-------- DATA FOR ANALYSIS --------

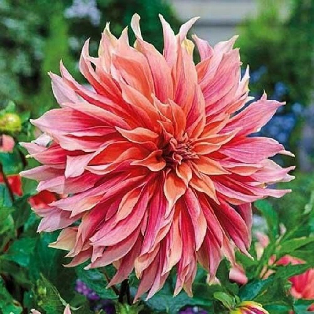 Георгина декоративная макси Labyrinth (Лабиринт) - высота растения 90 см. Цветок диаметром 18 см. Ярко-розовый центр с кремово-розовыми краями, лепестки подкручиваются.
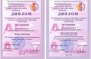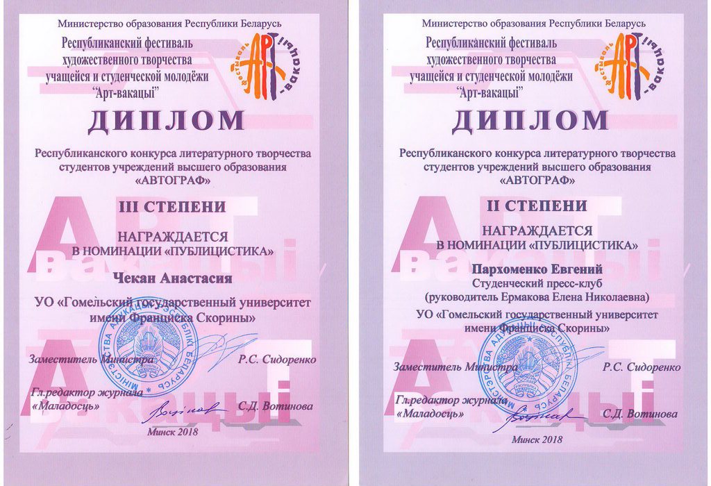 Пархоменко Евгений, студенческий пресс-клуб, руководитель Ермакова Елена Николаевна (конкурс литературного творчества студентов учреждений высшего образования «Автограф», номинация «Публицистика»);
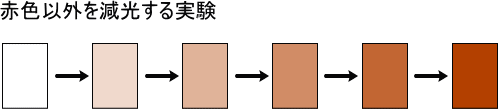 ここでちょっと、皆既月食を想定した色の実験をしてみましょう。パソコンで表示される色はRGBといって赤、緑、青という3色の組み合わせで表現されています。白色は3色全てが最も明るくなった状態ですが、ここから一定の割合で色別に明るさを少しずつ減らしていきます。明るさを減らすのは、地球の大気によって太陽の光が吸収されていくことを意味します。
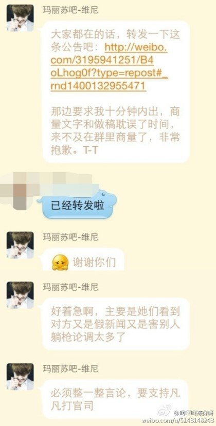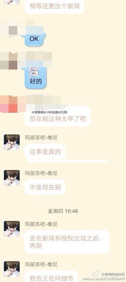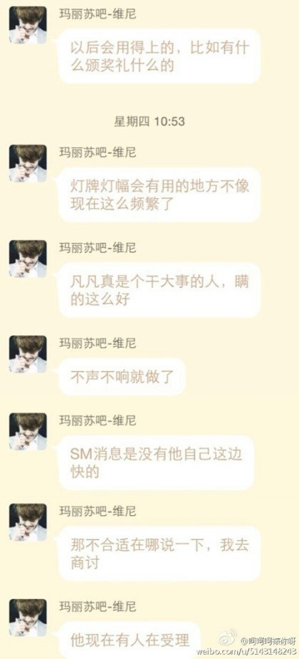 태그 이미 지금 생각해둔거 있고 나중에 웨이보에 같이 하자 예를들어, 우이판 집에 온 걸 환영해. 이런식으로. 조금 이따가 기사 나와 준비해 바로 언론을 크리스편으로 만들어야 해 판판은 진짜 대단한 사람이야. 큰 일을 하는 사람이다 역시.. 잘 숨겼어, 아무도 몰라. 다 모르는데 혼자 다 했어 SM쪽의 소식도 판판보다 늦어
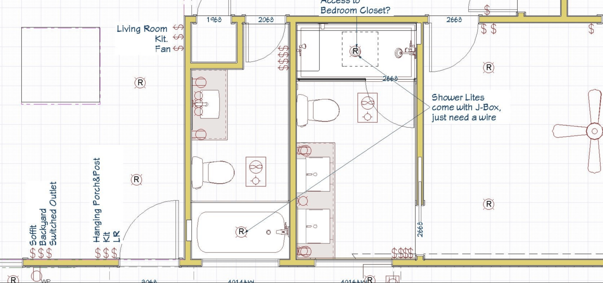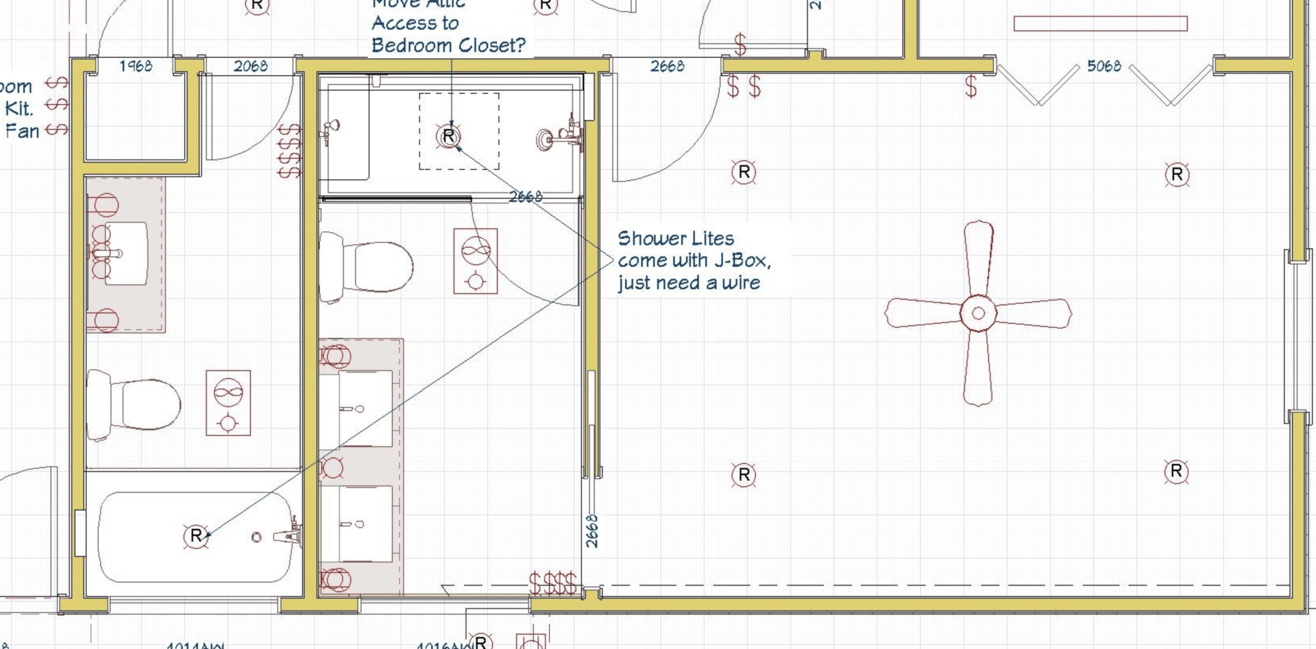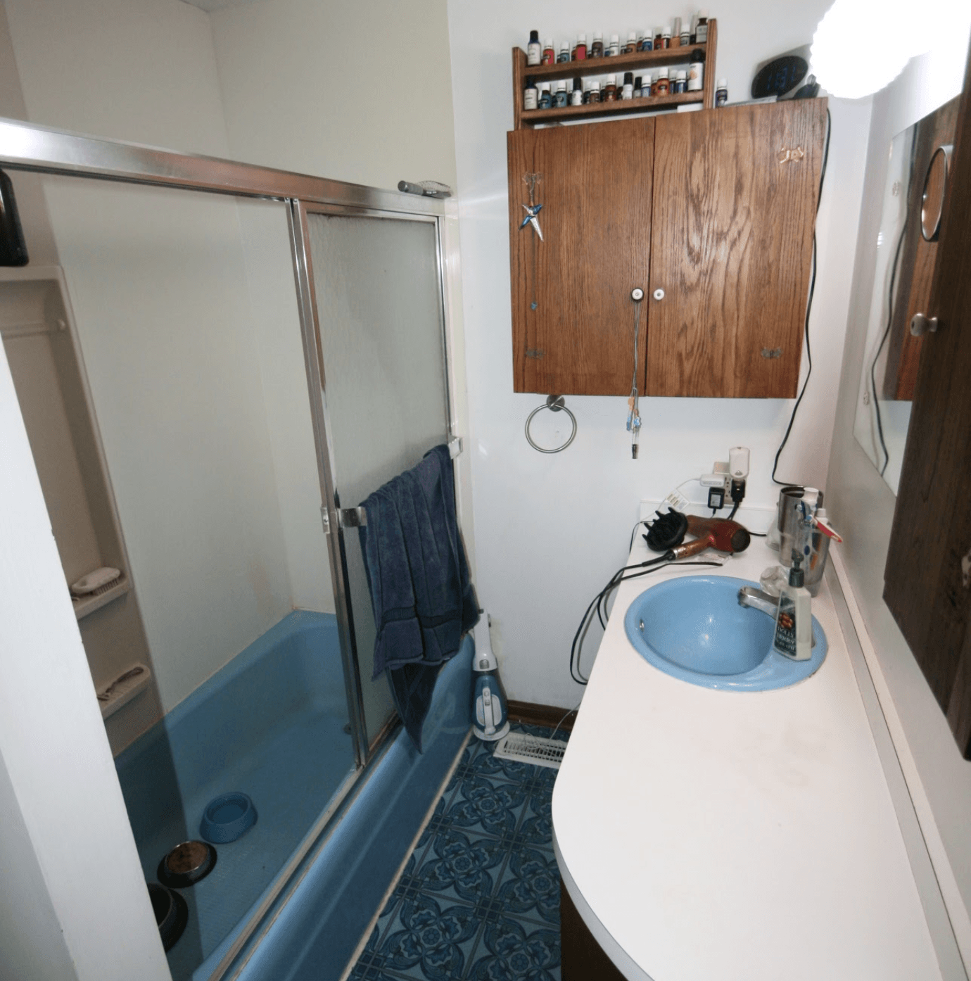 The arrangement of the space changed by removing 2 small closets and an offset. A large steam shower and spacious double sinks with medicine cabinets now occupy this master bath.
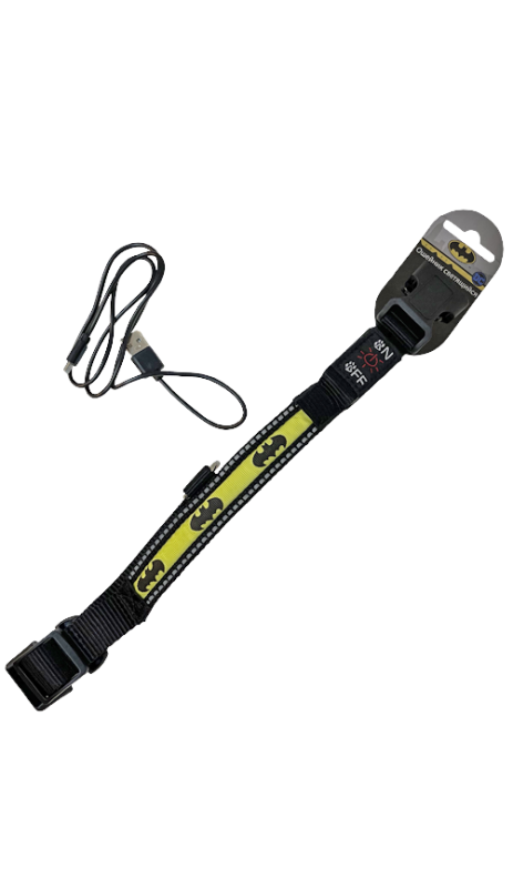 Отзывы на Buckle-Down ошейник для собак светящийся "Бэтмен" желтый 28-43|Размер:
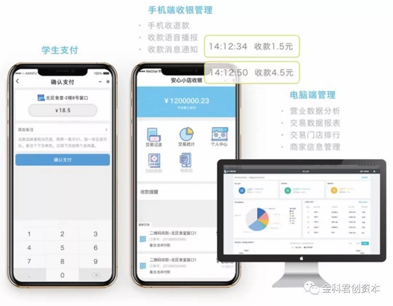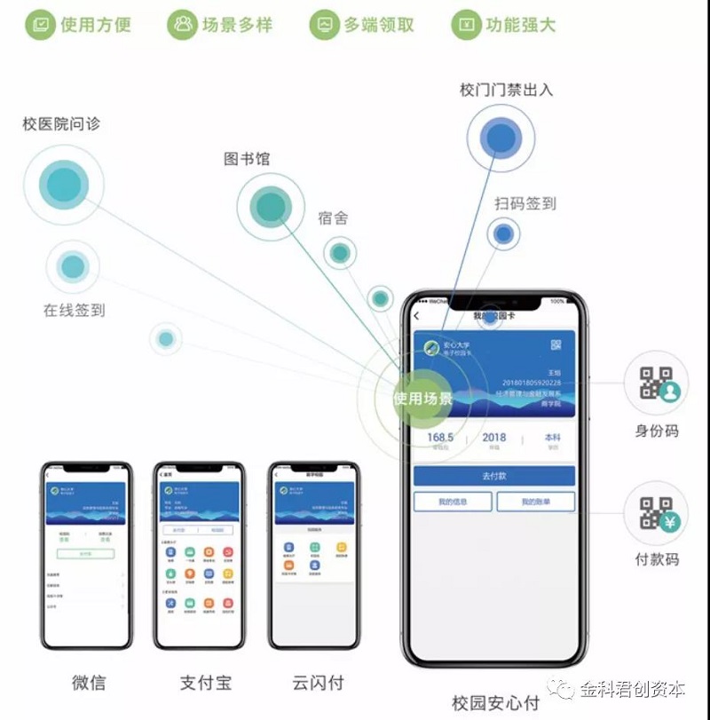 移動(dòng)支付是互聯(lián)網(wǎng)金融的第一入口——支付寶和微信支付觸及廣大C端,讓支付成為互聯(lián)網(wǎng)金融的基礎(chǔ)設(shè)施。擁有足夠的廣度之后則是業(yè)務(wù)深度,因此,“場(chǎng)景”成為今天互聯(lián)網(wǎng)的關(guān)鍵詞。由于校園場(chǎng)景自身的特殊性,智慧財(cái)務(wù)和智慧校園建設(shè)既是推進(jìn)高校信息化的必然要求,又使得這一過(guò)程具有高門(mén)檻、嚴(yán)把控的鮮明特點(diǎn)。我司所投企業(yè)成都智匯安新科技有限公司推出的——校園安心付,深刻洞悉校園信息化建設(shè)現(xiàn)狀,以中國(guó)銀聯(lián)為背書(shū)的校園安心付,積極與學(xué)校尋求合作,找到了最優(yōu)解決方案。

--------

From the material above, print everything exactly except the pictures.

▶ _PROBLEM SOLUTION_:
 Георгина декоративная макси Labyrinth (Лабиринт) - высота растения 90 см. Цветок диаметром 18 см. Ярко-розовый центр с кремово-розовыми краями, лепестки подкручиваются.
 Пархоменко Евгений, студенческий пресс-клуб, руководитель Ермакова Елена Николаевна (конкурс литературного творчества студентов учреждений высшего образования «Автограф», номинация «Публицистика»);
 ここでちょっと、皆既月食を想定した色の実験をしてみましょう。パソコンで表示される色はRGBといって赤、緑、青という3色の組み合わせで表現されています。白色は3色全てが最も明るくなった状態ですが、ここから一定の割合で色別に明るさを少しずつ減らしていきます。明るさを減らすのは、地球の大気によって太陽の光が吸収されていくことを意味します。
 태그 이미 지금 생각해둔거 있고 나중에 웨이보에 같이 하자 예를들어, 우이판 집에 온 걸 환영해. 이런식으로. 조금 이따가 기사 나와 준비해 바로 언론을 크리스편으로 만들어야 해 판판은 진짜 대단한 사람이야. 큰 일을 하는 사람이다 역시.. 잘 숨겼어, 아무도 몰라. 다 모르는데 혼자 다 했어 SM쪽의 소식도 판판보다 늦어
 The arrangement of the space changed by removing 2 small closets and an offset. A large steam shower and spacious double sinks with medicine cabinets now occupy this master bath.
 Отзывы на Buckle-Down ошейник для собак светящийся "Бэтмен" желтый 28-43|Размер:
 移動(dòng)支付是互聯(lián)網(wǎng)金融的第一入口——支付寶和微信支付觸及廣大C端,讓支付成為互聯(lián)網(wǎng)金融的基礎(chǔ)設(shè)施。擁有足夠的廣度之后則是業(yè)務(wù)深度,因此,“場(chǎng)景”成為今天互聯(lián)網(wǎng)的關(guān)鍵詞。由于校園場(chǎng)景自身的特殊性,智慧財(cái)務(wù)和智慧校園建設(shè)既是推進(jìn)高校信息化的必然要求,又使得這一過(guò)程具有高門(mén)檻、嚴(yán)把控的鮮明特點(diǎn)。我司所投企業(yè)成都智匯安新科技有限公司推出的——校園安心付,深刻洞悉校園信息化建設(shè)現(xiàn)狀,以中國(guó)銀聯(lián)為背書(shū)的校園安心付,積極與學(xué)校尋求合作,找到了最優(yōu)解決方案。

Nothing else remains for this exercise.